You jump in the shower, you get dressed, and you go to church. You greet the people there. Some of them you know. Some of them you don’t. If you’re lucky, the preacher will look like a young Paul Newman or Robert Redford. (Cough.) Prayers are shared. Hymns are sung. An offering is taken. And then, you are invited forward to receive the bread and cup of Holy Communion. You do so — as does the rest of the congregation. There is something deliberate and meaningful about this many people coming forward to the same table to receive the same thing. It is solemn. It is sacred. You return to your pew holding the bread and up and, when instructed, you eat and drink with everyone else. Or maybe it is a church where you take a piece of bread and dip it into a chalice and receive it then.
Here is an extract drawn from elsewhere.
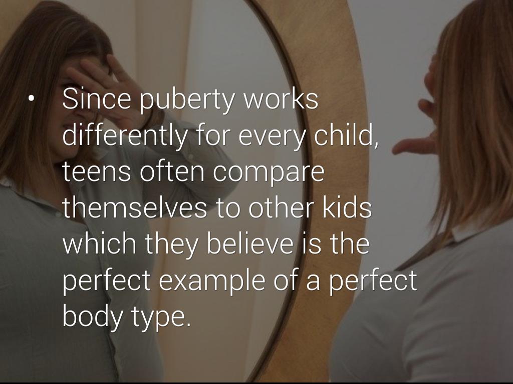 Since puberty works differently for every child, teens often compare themselves to other kids which they believe is the perfect example of a perfect body type.
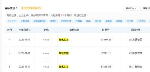 此外,中邮恒泰药业有限公司已在去年11月申请注册“邮氧的茶”的商标。

It is then that it hits you. This is no ordinary meal. It is hardly a meal, the way we understand the term. No one would call a small square of bread and a thimble-sized cup a meal. The meal is highly symbolic, but what it achieves is real — quite real. As you look around the sanctuary and see everyone reverently doing the same thing, you realize that there is a unifying aspect to all of this. After all, the words “communion” and “community” share the same root word. There is something unifying about this sacrament. It knits the congregation together in ways that nothing else does or can. It creates an indissoluble bond. As I have written about and stated many times before, it is no accident that the Apostle Paul refers to the “bread” of the Lord’s Supper as “the body of Christ” in 1 Corinthians 11 and then, in the very next chapter, uses the same phrase (“the body of Christ”) to refer to the Church. In other words, the Church becomes the body of Christ more fully by partaking in the body of Christ. It is about identity, yes. It is also about presence: Jesus is present at this meal.
He is at the table welcoming you. He is at the font pouring his Holy Spirit out upon Francis and the congregation that promises to offer him their love, support, and care as he lives and grows in Christ. His is revealed in the Word read and proclaimed. Jesus is present with us beyond the mere physical. He is the spiritual nephesh that knits us together as a people. Nephesh is a word that appears in the Old Testament that literally means “the breath of life.”
Jesus offered that life on the cross, and, when he rose from the dead, he offered that life to us all as when the resurrected Christ breathed on the disciples and said (in the passage we read today), “Receive the Holy Spirit.” Many think this is akin to him saying (at the end of Matthew), “And remember: I will be with you always, even until the end of the age.”
He is. He is with us. And he always will be, even to the end of the age. Amen.